Было уже поздно, но, придя несколько в себя, я счел нужным хоть некоторые мои сомнения изложить: Петербург мне совсем чуждая область, и, может быть, руководство охраной будет мне не по силам...
Трепов еле выслушивал меня.
Я вам дам хорошего советника, - прервал он, - вы знаете Рачковского? Он будет с вами сотрудничать.
Удрученный, недовольный своим умением держаться, я вечером возвращался в Харьков. Будущее представлялось мне далеко не в розовом свете. Но сейчас уже все было решено. Нужно думать о том, как справиться с новыми задачами.

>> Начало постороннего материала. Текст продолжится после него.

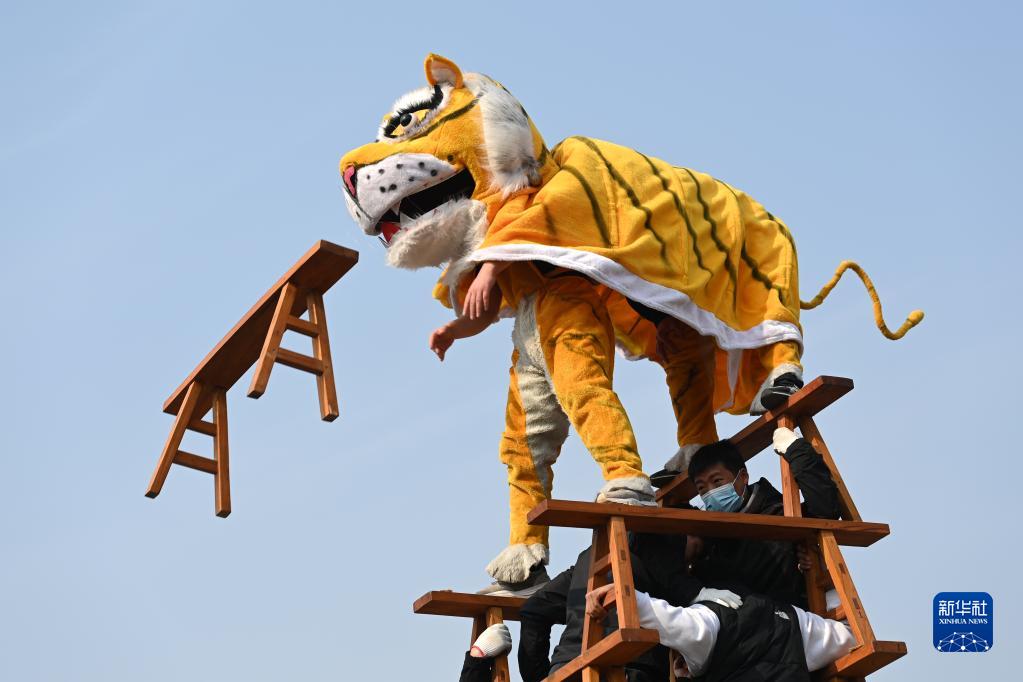 當(dāng)日,河南省焦作市溫縣陳家溝村流傳數(shù)百年的傳統(tǒng)民俗節(jié)目“陳家溝舞虎”精彩上演,讓觀眾大飽眼福。

Две недели спустя, 17 февраля, я заявился на прием к Трепову. Он вновь меня принял немедленно. Как только я затворил за собой дверь, он в чрезвычайном возбуждении сказал мне:
Мне только что телефонировали из Москвы, что убит великий князь Сергей Александрович. Неизвестный бросил в него бомбу. Великий князь был разорван на части... Ужасная смерть...
Трепова нельзя было узнать. Глядя пред собой неподвижным взором, он непрестанно повторял: "ужасно... ужасно...". Он был лично очень предан великому князю, долгие годы под его началом служил в качестве офицера, а затем, когда Сергей был назначен генерал-губернатором Москвы, в качестве московского обер-полицмейстера. Жестокая смерть великого князя была для него катастрофой, постигшей одного из близких людей.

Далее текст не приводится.